Update (1650ET): As expected, SpaceX filed its S1.

The stock is expected to list on Nasdaq and Nasdaq Texas under the ticker “SPCX.”

No specific share count, price range, or total offering size is finalized yet (placeholders are used).

But, with expectations of a $1.5 trillion market cap, that means SPCX will trade at a 77x LTM Revenue multiple!

Mission and Overview

  • SpaceX's mission is to make life multiplanetary, advance scientific understanding of the universe, and extend consciousness to the stars. It positions itself as a vertically integrated builder across Space, Connectivity (Starlink), and AI (via xAI acquisition).

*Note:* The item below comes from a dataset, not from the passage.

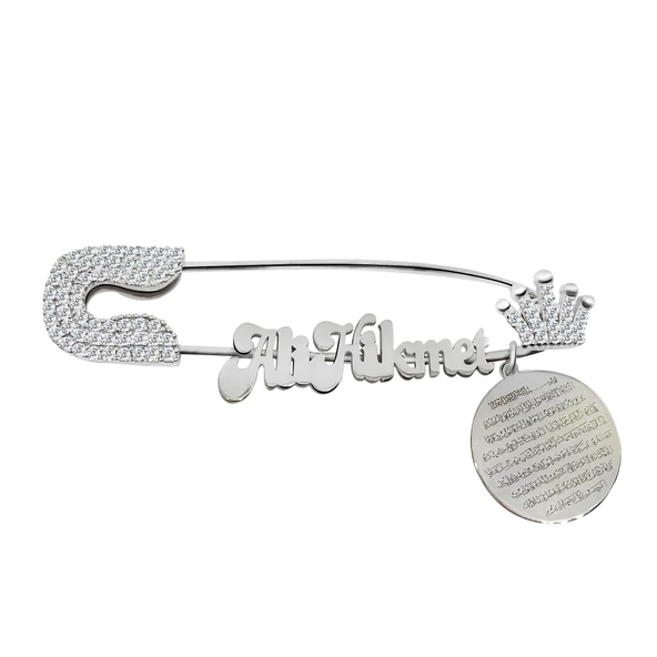 Vaoov 925 Ayar Gümüş Taçlı İsimli Bebek İğnesi

  • The company has revolutionized space access with reusable rockets (Falcon family, Starship development), built the world's largest LEO satellite constellation for broadband, and is scaling AI compute and frontier models (Grok) with real-time data from X.

Key Corporate Details

  • Dual-class structure: Class A (1 vote/share) and Class B (10 votes/share). Elon Musk (founder, CEO, CTO, Chairman) will retain dominant voting control post-IPO (majority of the board via Class B and overall voting power), making SpaceX a “controlled company” under Nasdaq rules.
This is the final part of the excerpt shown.